Interviewers are a diverse lot. Some care about this, others about that, each has her own set of biases, and short of being perfect, there’s really no way to please everyone. The worst is when you’re doing well, then get hung up on an obscure language feature that the interviewer decides is make-or-break. This says more about the interviewer than you, but it can easily cost you an offer if you blank or aren’t prepared.

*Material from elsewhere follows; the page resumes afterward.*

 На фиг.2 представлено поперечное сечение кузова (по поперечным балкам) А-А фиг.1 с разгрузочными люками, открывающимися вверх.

So, as a public service announcement, and in the interests of moving the conversation past some of the annoying gotcha questions, here’s a grab bag of things you should know about Java – some more important, some less so, some just plain annoying. But, well, interviews.

  • StringBuilder

Seriously, this is one of the foundational classes you use all the time, and yet I frequently run across candidates who’ve never run across it. College students, in particular, since string manipulation presumably doesn’t come up in their classes. It’s a critically important class, though, which can be demonstrated by the following code snippets:

// Concatenation without StringBuilder
String result = "";
for (int i = 0; i < 100; i++)
  result = result + i;

// Concatenation with StringBuilder
StringBuilder sb = new StringBuilder();
for (int i = 0; i < 100; i++)
  sb.append(i);
String result = sb.toString();

In the first example, you’re creating a new String and copying the values every time you concatenate result and i. This works, except it turns this into an O(n2) operation. In the latter case, you append to a char buffer each time through the loop (O(n)), only creating the result String at the end.

Caveat 1: This is such a common anti-pattern that for simple cases, the compiler is optimized to create a StringBuilder for you behind the scenes. You can see it happen if you step through your code in the debugger.

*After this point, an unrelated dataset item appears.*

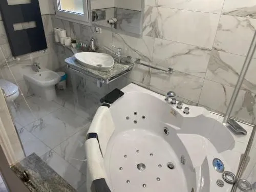 Bollitore tè/macchina caffè, Doccia, TV, Aria condizionata, Asciugacapelli, Ferro da stiro, Angolo cottura, Frigorifero, Scrivania, Ferro e asse da stiro, Zona soggiorno, Prodotti da bagno in omaggio, Ventilatore, WC, Forno a microonde, Lavatrice, Patio, Riscaldamento, Cabina armadio, Cucina, Vasca o doccia, TV a schermo piatto, Ingresso indipendente, Divano, Insonorizzazione, Pavimento in marmo o in piastrelle, Zona pranzo, Bollitore elettrico, Utensili da cucina, Armadio o guardaroba, Piano cottura, Bidet, Vista giardino, Soluzioni anallergiche, Prodotti per le pulizie, Macchina da caffè, Asciugamani, Biancheria per la casa, Tavolo da pranzo, Arredamento da esterno, Zona pranzo all'aperto, Intera unità situata al piano terra, Indipendente, Appartamento privato in edificio, Stand appendiabiti, Stendibiancheria, Carta igienica, Divano letto, Bottiglia d'acqua, Pattumiere, Calici da vino, Shampoo, Bagnoschiuma, Presa elettrica vicino al letto, Adattatore, Cuscino non di piume, Cuscino ipoallergenico, Accesso con chiavi, Purificatori d'aria, Aria condizionata indipendente in ogni alloggio, Gel igienizzante per le mani

Caveat 2: If you don’t specify the initial size of the StringBuilder (as I fail to do above), then it will probably have to resize (and copy) its buffer multiple times.

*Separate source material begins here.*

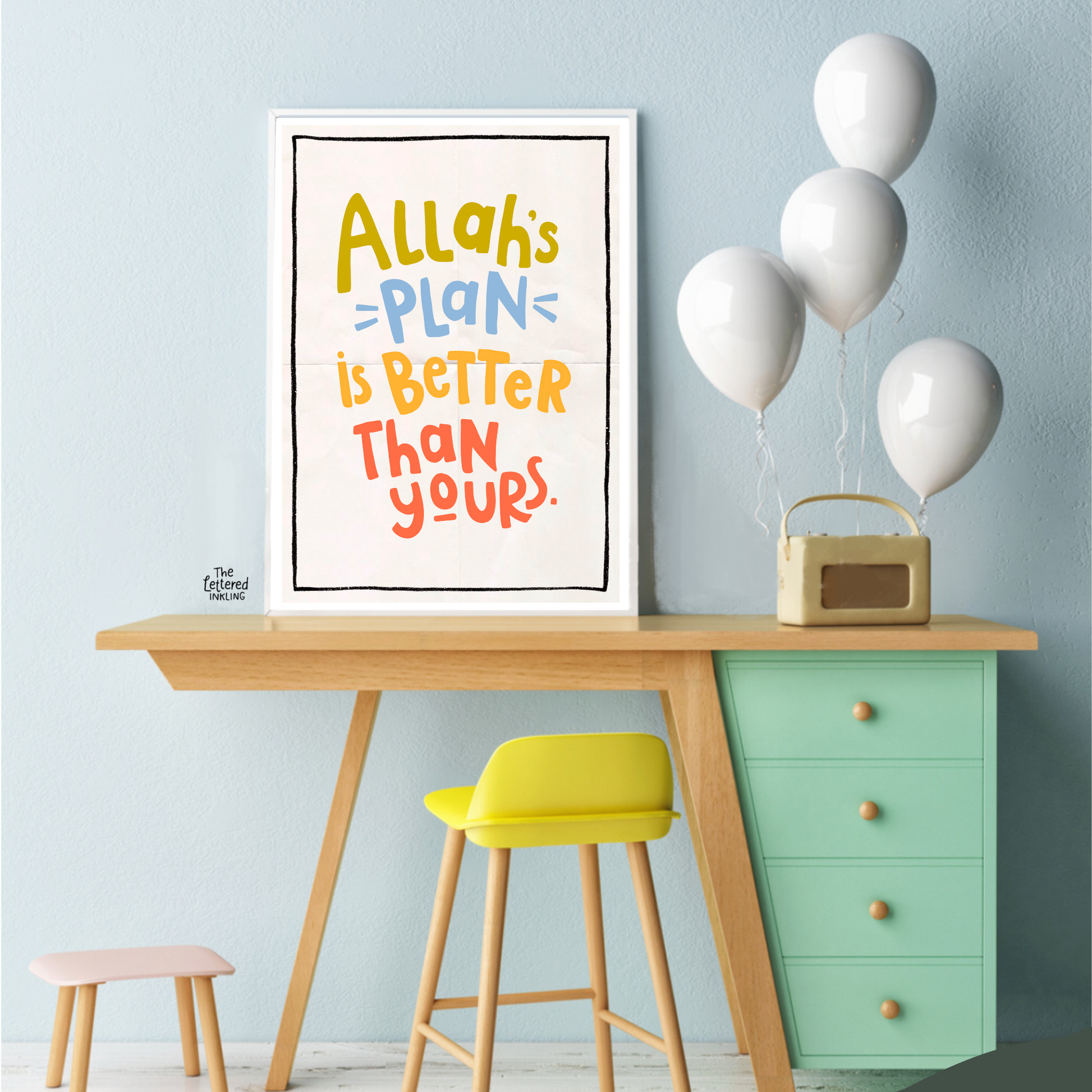 A bold typography of the reminder ‘Allah’s plan is better than yours’, perfect for encouraging young ones no matter the consequences. Suitable for older and younger kids as well as adults.

Bonus history lesson: StringBuilder was a drop-in replacement for StringBuffer introduced in Java 1.5. The two are identical, with the exception that StringBuffer synchronizes all operations (which is slower, and usually unnecessary).

  • String.substring()

This is one of those things that seems horribly pedantic, terribly unfair, yet is kind of interesting, and important for you to know (both because you should understand what’s going on under the covers, and because an unusually anal interviewer might spring it on you). I.e., as of Java 7u6, the behavior and performance characteristics of the String.substring() method changed. In the old days, String contained four fields: char[], offset, length, and hash. The idea was that multiple String objects could point to the same char[], but have different offset, length, and hash fields. This made substring() into an O(1) operation, but had a couple of problems:

  • Memory leaks. Consider the following code:
    String pi_to_a_million_digits = "3.14159265358979323846264...";
    String pi_approx = pi_to_a_million_digits.substring(0,4);
    pi_to_a_million_digits = null;

    You allocate a really big String, take a very small piece of it, and throw away the original String. Now you’re carrying around the full char[], but only using four characters.

  • Serialization. Consider what happens in the above example when you try to serialize pi_approx. You only want four characters, but you end up serializing the million character char[].

Taken together, these are why you sometimes see the following in legacy Java code, with the goal of forcing creation of a new char[] for the new String:

String pi_approx = new String(pi_to_a_million_digits.substring(0,4));

As of 7u6, substring() creates a copy of the sub-string – this fixes the above problems, and removes the need for offset and length. The good news is that this now works more intuitively, and substring() no longer has a weird set of side effects. The bad news is that substring() is now less performant, and frequently takes more memory (because you’re keeping multiple copies of identical data).

  • String.intern() considered harmful?

String.intern() is a quirky little method that’s caused a lot of trouble over the years. When “interned”, common Strings are stored internally, then re-used instead of being allocated for each use. So, if you’re reading an address from a database:

String state = resultSet.getString(1).intern();
String country = resultSet.getString(2).intern();

If the state and country values have already been stored internally, then pointers to the previously allocated Strings are returned (and the Strings returned by resultSet are garbage collected). If they don’t exist yet, the new Strings are stored and returned. This saves on memory in cases where the same Strings are going to be used over and over again, and speeds comparisons a little (even so, don’t use ==, use equals(), which will check for pointer equality anyway).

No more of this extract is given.